» **PROMPT**
Would you repeat word for word the lines of the listing that follows, from the one with "Пакеты для мусора" up to and including the one with "Grundpakke: Amniocentese 2", and leave out the images?

» **DATA SHOWN**
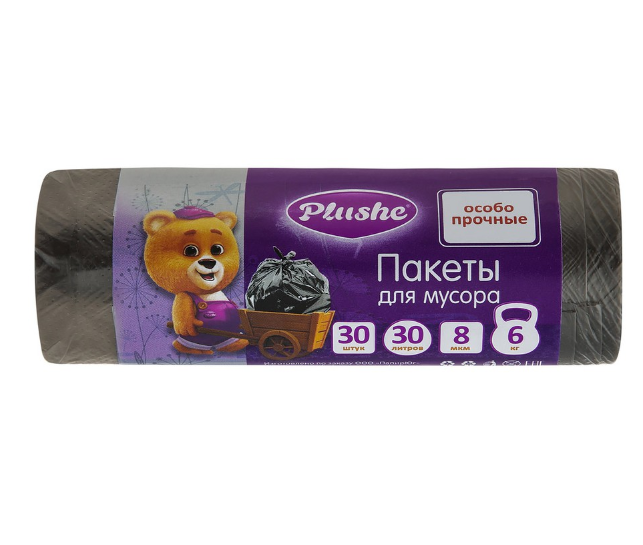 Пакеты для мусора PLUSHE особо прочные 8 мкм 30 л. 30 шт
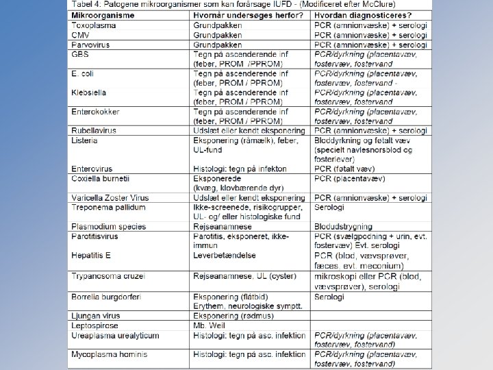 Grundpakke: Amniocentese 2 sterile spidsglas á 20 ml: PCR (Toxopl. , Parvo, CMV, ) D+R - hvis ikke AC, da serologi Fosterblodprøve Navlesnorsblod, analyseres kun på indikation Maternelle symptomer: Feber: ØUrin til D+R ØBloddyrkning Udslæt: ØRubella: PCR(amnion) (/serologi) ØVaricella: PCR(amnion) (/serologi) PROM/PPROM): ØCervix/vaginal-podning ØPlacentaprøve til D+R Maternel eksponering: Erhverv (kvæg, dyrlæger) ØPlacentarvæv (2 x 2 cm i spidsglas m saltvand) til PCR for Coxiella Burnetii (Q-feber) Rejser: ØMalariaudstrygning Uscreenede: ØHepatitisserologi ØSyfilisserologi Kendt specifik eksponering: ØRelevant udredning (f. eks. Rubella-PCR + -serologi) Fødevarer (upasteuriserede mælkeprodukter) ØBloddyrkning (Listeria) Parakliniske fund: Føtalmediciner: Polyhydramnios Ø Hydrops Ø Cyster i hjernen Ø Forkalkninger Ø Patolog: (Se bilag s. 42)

...

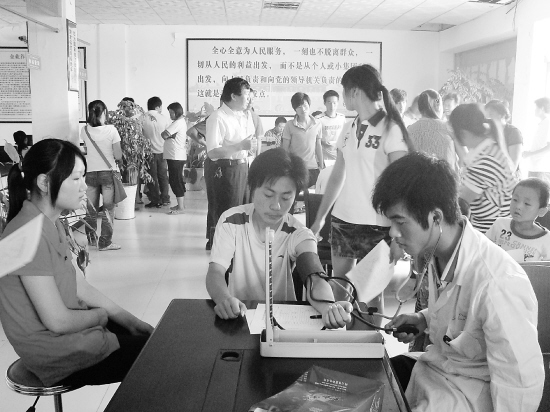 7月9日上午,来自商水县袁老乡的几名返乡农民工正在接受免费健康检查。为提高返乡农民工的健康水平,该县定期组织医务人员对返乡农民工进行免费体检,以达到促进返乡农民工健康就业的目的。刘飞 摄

...

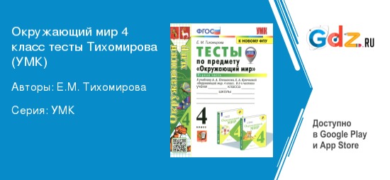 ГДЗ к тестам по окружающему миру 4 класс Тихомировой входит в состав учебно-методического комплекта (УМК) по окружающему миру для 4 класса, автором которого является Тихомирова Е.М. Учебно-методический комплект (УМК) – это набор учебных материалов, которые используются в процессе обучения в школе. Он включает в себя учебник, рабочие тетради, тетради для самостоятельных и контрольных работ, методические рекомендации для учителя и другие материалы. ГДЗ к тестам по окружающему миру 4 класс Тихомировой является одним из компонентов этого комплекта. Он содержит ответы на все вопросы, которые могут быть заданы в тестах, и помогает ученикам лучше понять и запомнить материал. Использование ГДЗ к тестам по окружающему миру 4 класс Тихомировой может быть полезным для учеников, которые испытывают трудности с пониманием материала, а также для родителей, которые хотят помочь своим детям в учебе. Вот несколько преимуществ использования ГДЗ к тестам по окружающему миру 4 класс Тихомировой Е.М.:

» **YOUR RESPONSE**
 Пакеты для мусора PLUSHE особо прочные 8 мкм 30 л. 30 шт
 Grundpakke: Amniocentese 2 sterile spidsglas á 20 ml: PCR (Toxopl. , Parvo, CMV, ) D+R - hvis ikke AC, da serologi Fosterblodprøve Navlesnorsblod, analyseres kun på indikation Maternelle symptomer: Feber: ØUrin til D+R ØBloddyrkning Udslæt: ØRubella: PCR(amnion) (/serologi) ØVaricella: PCR(amnion) (/serologi) PROM/PPROM): ØCervix/vaginal-podning ØPlacentaprøve til D+R Maternel eksponering: Erhverv (kvæg, dyrlæger) ØPlacentarvæv (2 x 2 cm i spidsglas m saltvand) til PCR for Coxiella Burnetii (Q-feber) Rejser: ØMalariaudstrygning Uscreenede: ØHepatitisserologi ØSyfilisserologi Kendt specifik eksponering: ØRelevant udredning (f. eks. Rubella-PCR + -serologi) Fødevarer (upasteuriserede mælkeprodukter) ØBloddyrkning (Listeria) Parakliniske fund: Føtalmediciner: Polyhydramnios Ø Hydrops Ø Cyster i hjernen Ø Forkalkninger Ø Patolog: (Se bilag s. 42)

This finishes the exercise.